BACOLOD CITY -- About 200 participants from various countries will gather for the 4th International Southeast Asian Bat Conference on Aug. 6-9 at L’ Fisher Hotel in this city. 

The activity is spearheaded by the Philippines Biodiversity Conservation Foundation Inc. (PBCFI) in partnership with the Department of Environment and Natural Resources (DENR) and the provinces of Negros Occidental and Oriental. 

Since 2007, three International Southeast Asian Bat Conferences (SEABCO) have been organized, and the Philippines has been chosen as the host on its fourth year. 

The Southeast Asian Bat Conservation Research Union (SEABCRU) was established 11 years ago with support from BAT Biodiversity Partnership, to provide an organizational framework to coordinate and implement research, capacity building, and outreach to promote the conservation of Southeast Asia’s diverse but threatened bats. 

The network is organized around four conservation research priorities: taxonomy and systematics, flying fox conservation, cave-bat conservation, and forest-dependent bat conservation. 

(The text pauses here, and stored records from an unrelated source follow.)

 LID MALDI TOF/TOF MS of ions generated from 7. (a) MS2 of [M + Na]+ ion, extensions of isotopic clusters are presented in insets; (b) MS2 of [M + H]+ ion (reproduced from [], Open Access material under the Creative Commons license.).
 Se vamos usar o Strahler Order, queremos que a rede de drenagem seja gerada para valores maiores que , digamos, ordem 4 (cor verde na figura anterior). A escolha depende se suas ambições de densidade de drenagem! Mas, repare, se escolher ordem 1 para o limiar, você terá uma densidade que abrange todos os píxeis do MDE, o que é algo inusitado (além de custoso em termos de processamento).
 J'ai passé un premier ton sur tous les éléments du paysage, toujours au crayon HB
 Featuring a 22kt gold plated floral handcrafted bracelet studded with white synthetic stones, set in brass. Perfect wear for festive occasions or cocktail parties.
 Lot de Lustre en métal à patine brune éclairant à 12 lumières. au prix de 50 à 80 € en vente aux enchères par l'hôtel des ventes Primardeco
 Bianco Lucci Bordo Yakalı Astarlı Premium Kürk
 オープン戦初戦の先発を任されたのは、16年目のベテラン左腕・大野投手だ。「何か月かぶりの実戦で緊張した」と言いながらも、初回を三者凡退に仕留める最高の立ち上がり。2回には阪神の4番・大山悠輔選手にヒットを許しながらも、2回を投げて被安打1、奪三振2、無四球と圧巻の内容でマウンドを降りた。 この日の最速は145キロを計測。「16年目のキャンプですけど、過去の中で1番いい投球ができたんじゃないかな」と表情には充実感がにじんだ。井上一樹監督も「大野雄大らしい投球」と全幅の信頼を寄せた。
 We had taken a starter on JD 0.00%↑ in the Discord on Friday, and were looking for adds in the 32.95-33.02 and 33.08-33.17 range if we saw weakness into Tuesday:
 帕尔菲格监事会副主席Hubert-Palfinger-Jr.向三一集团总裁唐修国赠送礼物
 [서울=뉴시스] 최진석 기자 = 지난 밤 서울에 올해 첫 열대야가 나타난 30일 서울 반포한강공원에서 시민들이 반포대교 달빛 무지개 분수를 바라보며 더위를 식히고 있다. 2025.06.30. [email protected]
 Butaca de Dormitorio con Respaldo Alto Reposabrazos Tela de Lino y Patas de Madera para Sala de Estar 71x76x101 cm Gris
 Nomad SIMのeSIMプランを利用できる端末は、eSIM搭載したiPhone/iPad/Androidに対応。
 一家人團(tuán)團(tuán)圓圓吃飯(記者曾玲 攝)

The conference includes paper and poster presentations on bat conservation, as well as field trip activity to the Mambukal Resort Bat Sanctuary in Murcia town, which has more than 4,000 bats. 

According to the resort’s website, three species of flying foxes can be found in the area. These are the golden-crowned flying fox, the large flying fox, and the common island flying fox.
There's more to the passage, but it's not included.